EASTERLING V. MAN-O-WAR AUTOMOTIVE, INC.
TORTS:  Vicarious liability (respondeat superior and scope of employment)
2005-CA-000114
PUBLISHED: AFFIRMING; DIXON
DATE RENDERED: 4/20/2007

This case arose from a one-car accident.  The passenger Easterling sued Tudor and his employer Man-O-War successfully obtained a dismissal at summary judgment who defended on the grounds that since Tudor was not acting within the scope of his employment at the time of the accident, the theory of respondeat superior liability was inapplicable.  Tudor was a sales manager at Man-O-War who was given concert tickets by the owner and was driver a "demonstrator vehicle" when he was traveling from the concert with Easterling and another person as a passenger when the accident occurred.
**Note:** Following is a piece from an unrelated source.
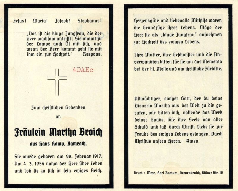 Fräulein; Elternhaus u. Wohnort: Haus Kamp in Ramrath |
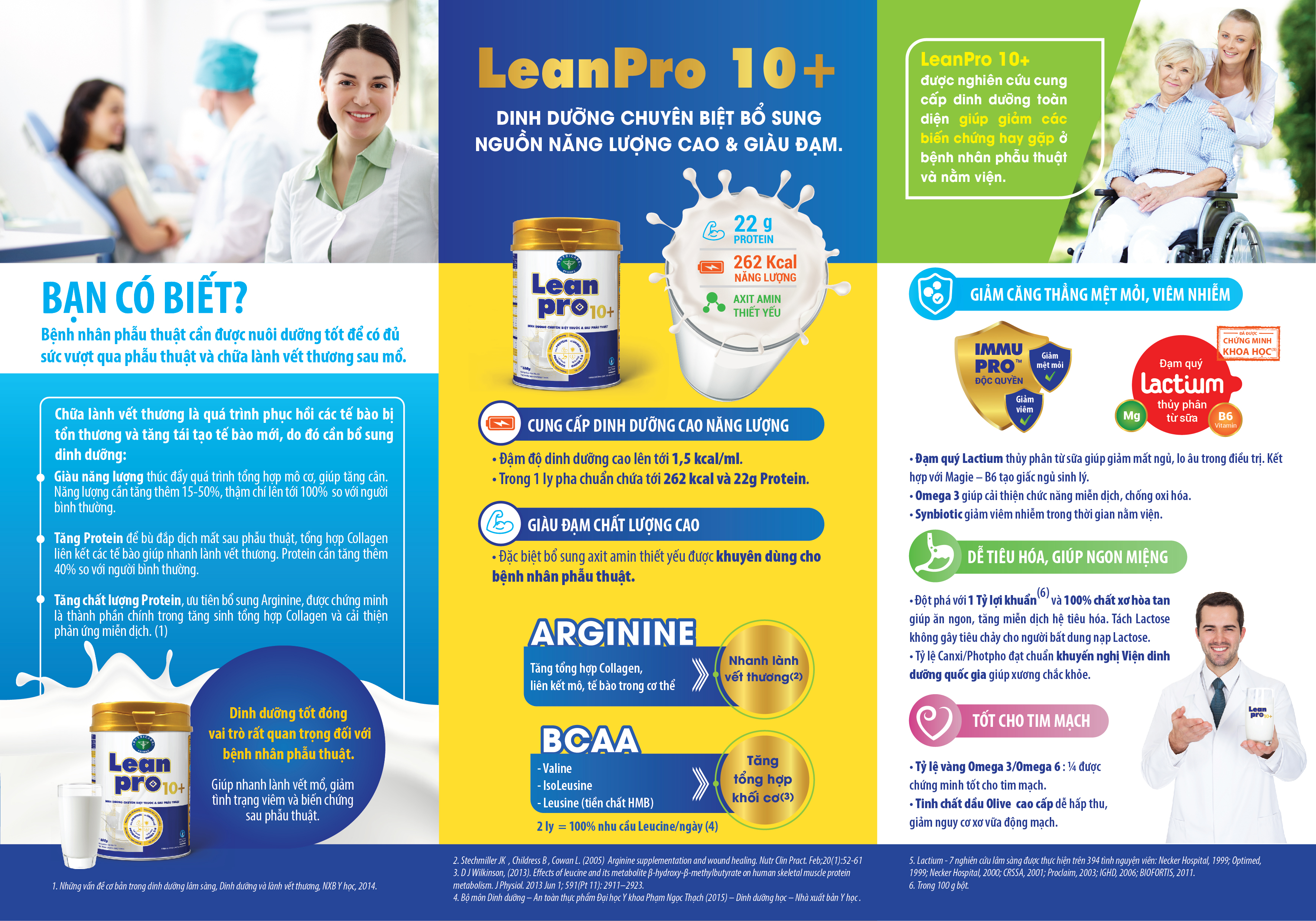 - Sữa Lean Pro 10+ Nutricare Dành Cho Bệnh Nhân Trước, Trong Và Sau Quá Trình Phẫu Thuật là dinh dưỡng chuyên biệt cho người phẫu thuật, cung cấp năng lượng và Protein cao vựợt trội, duy nhất với công thức độc quyền IMMU PRO giúp phục hồi dinh dưỡng, nâng cao sức đề kháng, nhanh lành vết thương và giảm căng thẳng mệt mỏi.

To hold an employer vicariously liable for the actions of an employee, the doctrine of respondeat superior requires a showing that the employee’s actions were in the course and scope of his employment and in furtherance of the employer’s business. As was noted in Sharp v. Faulkner, 166 S.W.2d 62, 63 (Ky. 1942), the respondeat superior doctrine has no application when an employee engages on a “personal and private trip” which has “no connection with his masters’ business.”

The COA could not perceive how giving someone concert tickets meets the necessary “foreseeability test” required in Kentucky to create causation for a subsequent automobile accident. See Lewis v. B&R Corp., 56 S.W.3d 432 (Ky.
App. 2001) and held that at the time of the collision, Tudor was engaged in a purely personal activity, and was not in any manner acting within the scope and course of his employment.